I was absolutely thrilled to be the first applicant who was selected to work for Arthema, a large fine art auction house and information web site, which was was heralded by them, as unrivalled in the marketplace. They assured me, that they would be rated just below Sotherby’s and Christies as soon as their sales campaign was launched and the two main search engines of the time (Yahoo and Alta Vista) added their links. They were convinced that e-bay was not in the running and that they would take the number three position very soon. I worked for Athema for for four months before they announced that the site was closing and the sales teams’ commissions were forfeit. The financial backing for Arthema was not small change. They had smart newly built offices in Cirencester, one of the most excusive British Market Towns and one of their financial backers was a member of The Danish Royal Family, another was a very well known French aristocrat with wealth, wine cellars, property and influence. E-bay looked like small fish in comparison to Arthema in 1997. I will never forget telling my customers that e-bay was insignificant and would fold within three months. I cringe when I remember that.

Athema’s free lance consultants set off to introduce the enterprise to the public and we discussed the responses among ourselves. Nobody wanted to tell the directors that they had got their marketing policy completely wrong. Local people were not interested in services for the elite members of society. The established and wealthy antique dealers already traded on the old boy network and they has no intention of wasting valuable time or money testing some new fangled, web based machine for Arthema’s profit rather than their own. Guess which one of us was the first to pass this news on to the Managing Director?

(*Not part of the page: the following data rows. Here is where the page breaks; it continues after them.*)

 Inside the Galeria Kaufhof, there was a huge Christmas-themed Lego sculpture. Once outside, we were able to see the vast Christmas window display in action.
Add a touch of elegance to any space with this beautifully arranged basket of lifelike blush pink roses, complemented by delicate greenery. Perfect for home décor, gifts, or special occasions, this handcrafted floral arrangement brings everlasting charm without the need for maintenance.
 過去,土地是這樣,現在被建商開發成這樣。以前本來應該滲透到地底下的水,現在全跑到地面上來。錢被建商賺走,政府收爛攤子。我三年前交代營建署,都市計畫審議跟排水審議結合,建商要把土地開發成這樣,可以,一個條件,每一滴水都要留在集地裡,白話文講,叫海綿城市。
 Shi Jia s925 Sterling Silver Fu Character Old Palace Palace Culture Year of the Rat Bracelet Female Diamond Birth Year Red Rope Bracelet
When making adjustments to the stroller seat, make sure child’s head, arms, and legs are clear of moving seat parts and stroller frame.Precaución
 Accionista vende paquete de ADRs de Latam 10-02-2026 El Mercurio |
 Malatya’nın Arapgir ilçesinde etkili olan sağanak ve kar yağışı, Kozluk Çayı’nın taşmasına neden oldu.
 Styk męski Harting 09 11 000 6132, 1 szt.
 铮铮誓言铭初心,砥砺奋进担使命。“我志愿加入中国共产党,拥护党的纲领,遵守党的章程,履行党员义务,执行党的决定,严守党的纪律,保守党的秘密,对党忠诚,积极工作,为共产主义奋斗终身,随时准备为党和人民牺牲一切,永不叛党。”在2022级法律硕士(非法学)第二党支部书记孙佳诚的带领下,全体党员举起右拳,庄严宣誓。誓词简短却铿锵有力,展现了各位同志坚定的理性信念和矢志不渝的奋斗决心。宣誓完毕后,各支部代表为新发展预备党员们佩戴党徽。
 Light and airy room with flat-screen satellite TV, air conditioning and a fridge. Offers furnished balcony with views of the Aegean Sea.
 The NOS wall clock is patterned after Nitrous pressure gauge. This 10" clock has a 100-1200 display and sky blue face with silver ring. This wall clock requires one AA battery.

We pointed out the fact that some, who showed interest were dealers with specialist knowledge, those whom we now describe as being into niche products. There were others who said they would use the service, if it encompassed small communities who congregated together in locations, mainly the well known London antique village communities. The big news was that the majority wanted Athema to teach them how they could sell their own products on their own web sites. This was what the majority wanted in 1997 and still want today.

Arthema compromised one one issue, after I introduced John Worsley to them. He lived in Putney and I knocked on his studio door. He was prepared to spend £100 to put a few of his paintings in their auction and give a web site a chance of selling one. At that stage Arthema would not accept the work of living artists. They were on the point of refunding John Worsley’s money, when one of the senior staff latched on to who he was. John Worsley was one of the two British artists who were commissioned as World War Two artists. The commission from the British Government, was to paint war at sea as it was happening. John Worsley’s adventures, paintings and exploits had made me gasp and I thought that all online artistic communities should know more about this amazing, down to earth English man. I made this point to Arthema and they listened.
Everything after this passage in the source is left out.